§ What you need to do
The answer must be only the lines below from the one holding "the more we" down to the one holding "Her ünitemiz, farklı", ends included, printed exactly; please omit all pictures.

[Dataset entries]

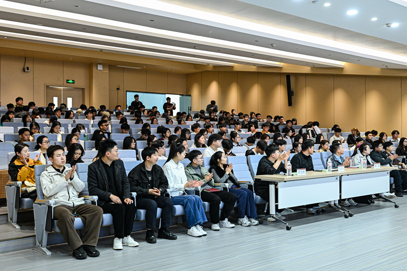 活动开始,主持人介绍到场嘉宾,学科竞赛负责老师程莹洛宣读比赛评审要点与规则。王蒙蒙在致辞中要求各参赛团队立足专业知识,提升创新能力与解决实际问题的水平,在竞赛中展现科研态度与进取精神。随后,入围的26个参赛小组依次进行5分钟路演展示及现场答辩。选手围绕项目背景、技术路线、创新点及社会价值等方面进行陈述。评委针对项目的可行性、科学性及应用前景进行逐一点评,并就完善作品逻辑、提升核心竞争力给出具体指导建议。最后,主持人宣布晋级校级赛事的项目名单,对晋级团队表示祝贺,并邀请所有参赛成员、评委及到场嘉宾合影留念,本次赛事在热烈的氛围中圆满落幕。
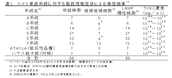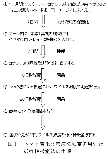 トマト黄化葉巻病の抵抗性検定法は、キャベツで増殖したシルバーリーフコナジラミをTYLCV感染トマトと同一ケージ内に7日間入れ保毒化後に、セル苗を7日間入れて接種し、接種後にLAMP法の検定と病徴観察を行い、抵抗性株を選抜する方法である。 |
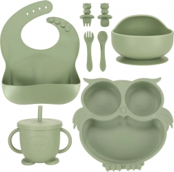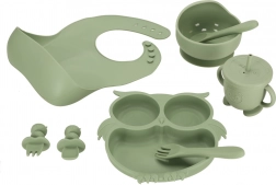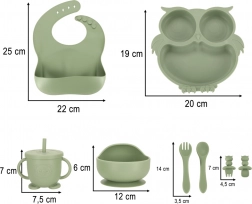 Praktische en aantrekkelijke siliconen serviesset voor kinderen. Bevat alles wat je kind nodig heeft voor comfortabel en leuk tafelen. Het uilenmotief in legergroene kleur is niet alleen modieus, maar zal ook elke kleine eter aanspreken.
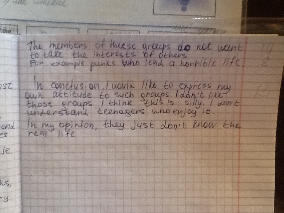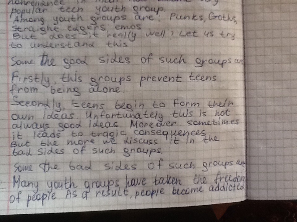 Фраза "But the more we discuss it in the bad sides of such groups". Она с ошибкой. Я бы написала так: "But the more problems of being in such groups we'll discuss in the next paragraph".
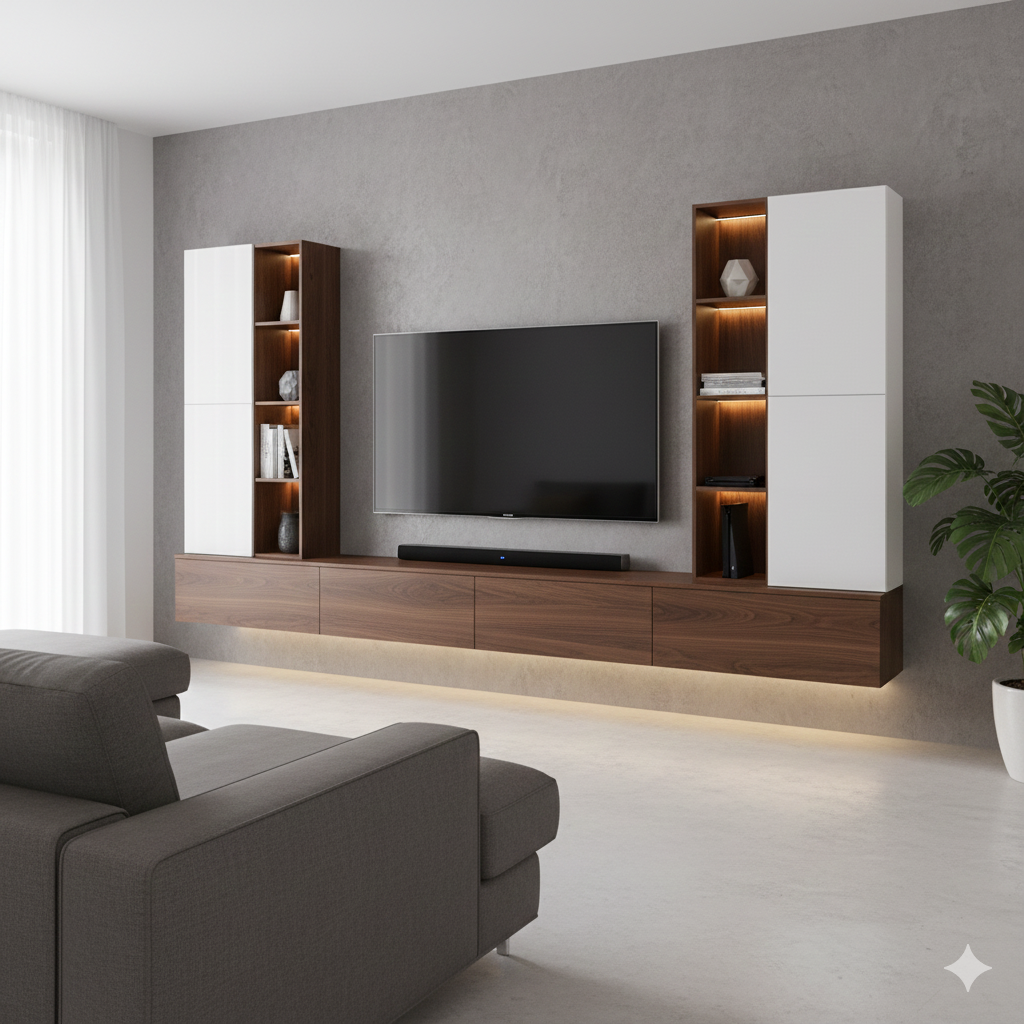 Her ünitemiz, farklı TV boyutlarına göre özel olarak tasarlanır. Kablo yönetimi, depolama alanları ve modern tasarım ile hem fonksiyonel hem de estetik çözümler sunuyoruz.
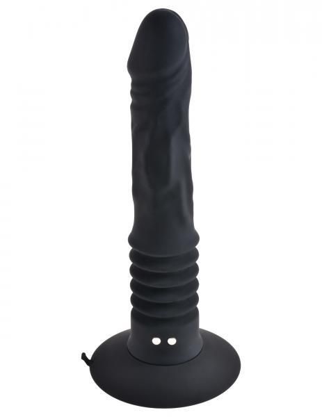 Features: 11 vibration functions. Ultra hygienic Elite Silicone. Naturally responsive thrusting action. Thrusts up to 1.3 inches. USB rechargeable magnetic charging plug. Sturdy suction cup. Dimensions length 12 inches. Width 1.4 inches. Girth 4.3 inches. Insertable length 7.3 inches. Total length thrust extended 13.3 inches. Package depth 4 inches, width 4 inches, height 10 inches.
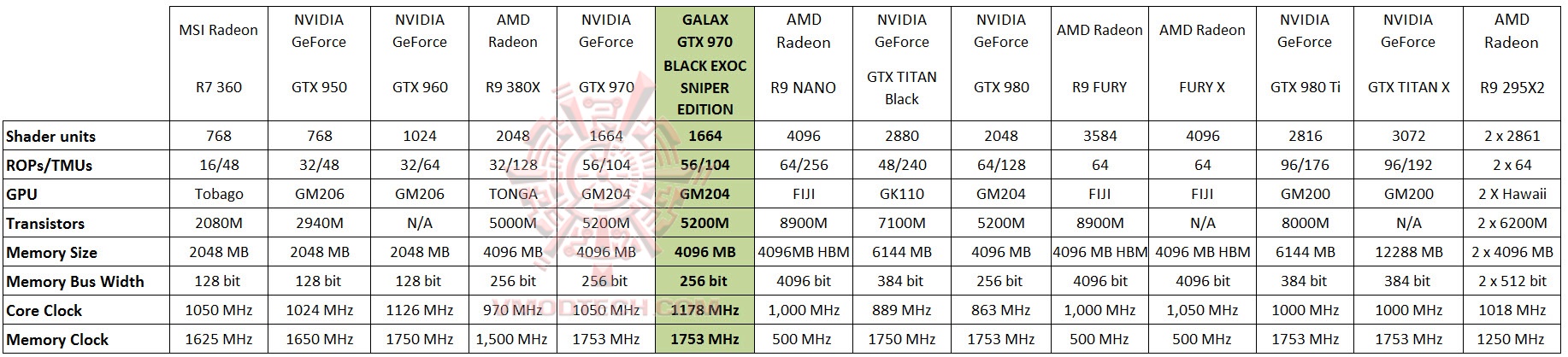 ตารางเปรียบเทียบ GALAX GTX 970 BLACK EXOC SNIPER EDITION กับการ์ดในยุคปัจจุบัน จะเห็นได้ว่าตัวการ์ดนั้นได้ทำการปรับแต่งความเร็วคอร์ให้สูงกว่าปกติถึง 128 MHz
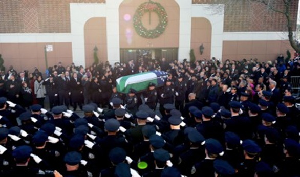 عشرات الآلاف من رجال الشرطة يحضرون جنازة شرطي من نيويورك قتل الشهر الماضي
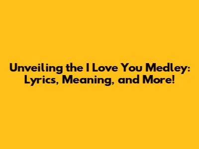 Unveiling The 'I Love You Medley': Lyrics, Meaning, And More!
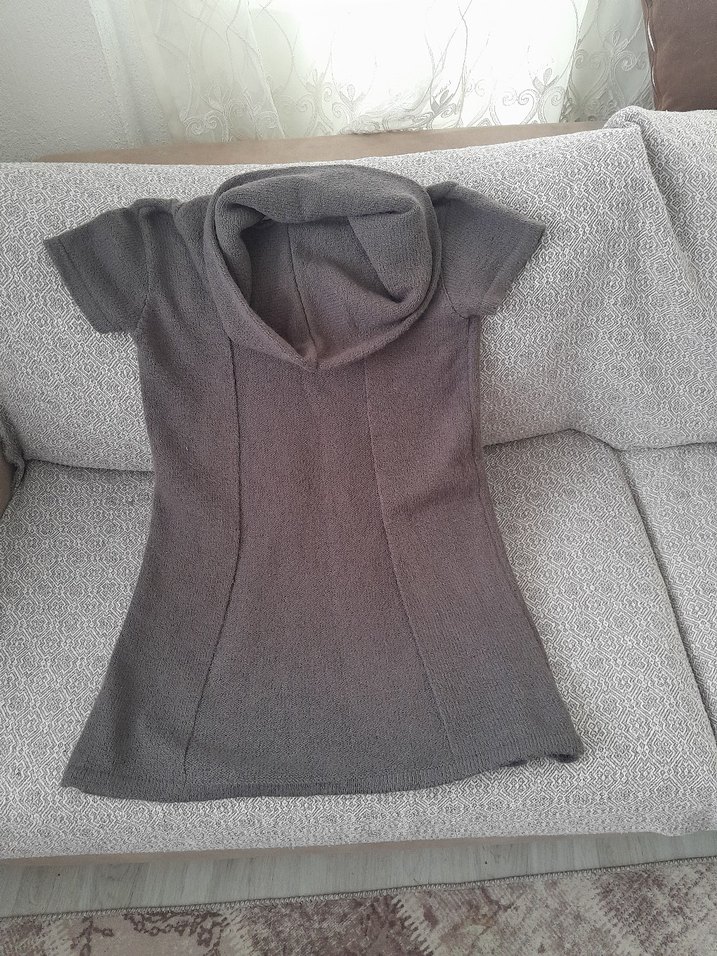 Gri renkli, yumuşak keten kumaştan örme dokulu, kısa kollu ve yüksek yakalı, normal boy midi uzunluğunda, vücuda oturan hamile tunik. Günlük kullanıma uygun, çağdaş ve rahat tarzda. TÜYLENMESİ VAR . BOĞAZLI KUMAŞI KALIN RENGİ GRİ GİBİ SADE FOTOĞRAF ÖYLE ÇIKMIŞ AZ SÖKÜK VAR
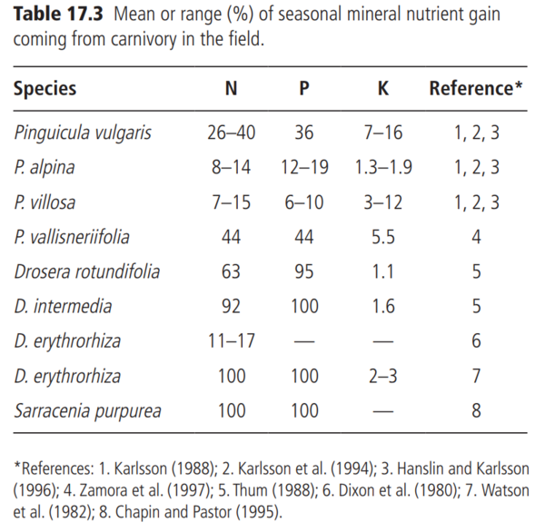 Dzięki za dorzucenie swoich pomiarów. Czym mierzyłeś te parametry? Jakie są najmniejsze wartości które mogłeś zmierzyć tam gdzie jest 0? Przy okazji poprzednich pomiarów sprawdziłem jak zmienia się EC torfu zalanego wodą. Torf zalałem wodą do konsystencji luźnego błota i co jakiś czas mierzyłem w tym EC żeby zobaczyć jak się zmienia. Początkowo EC szybko rosło, a potem się mniej więcej ustabilizowało. pH na początku i na końcu było takie samo, 3,75. Po około 13 dniach zebrałem wodę którą zalałem powyższy torf, potem torf przepłukałem kilka razy wodą destylowaną. Zostawiłem wilgotny torf na noc, rano dolałem trochę wody destylowanej i to co przeleciało przez torf zebrałem. Zmierzyłem w obu próbach wody zawartość Fe, Mg i K (pomiar techniką atomowej spektrometrii absorpcyjnej). Wyniki: Wcześniej pisałem o tym że roślinie trudno zaspokoić zapotrzebowanie na potas przez łapanie owadów. Znalazłem ciekawą tabelkę pokazującą ile pierwiastków rośliny w naturze mogą pozyskać z owadów. Wychodzi na to że potasu ledwo co pozyskują z owadożerności: Tabela pochodzi z książki: Ellison, A., & Adamec, L. (Eds.). (2017). Carnivorous plants: physiology, ecology, and evolution. Oxford University Press.
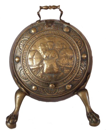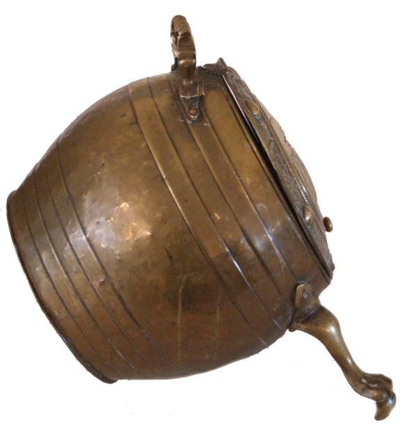 Rare and unusual Edwardian brass coal skuttle This very unusual antique brass coal skuttle is in the form of a barrel raised on attractive lion paw feet. The embossed lid opens to reveal ample room for coal. At the back of the skuttle is a handle to help with carrying the coal. The lid is of dutch design with a lady in costume taking centre stage. Lovely! Width 12" Depth 13" Height 18"

§ Your solution
 Фраза "But the more we discuss it in the bad sides of such groups". Она с ошибкой. Я бы написала так: "But the more problems of being in such groups we'll discuss in the next paragraph".
 Her ünitemiz, farklı TV boyutlarına göre özel olarak tasarlanır. Kablo yönetimi, depolama alanları ve modern tasarım ile hem fonksiyonel hem de estetik çözümler sunuyoruz.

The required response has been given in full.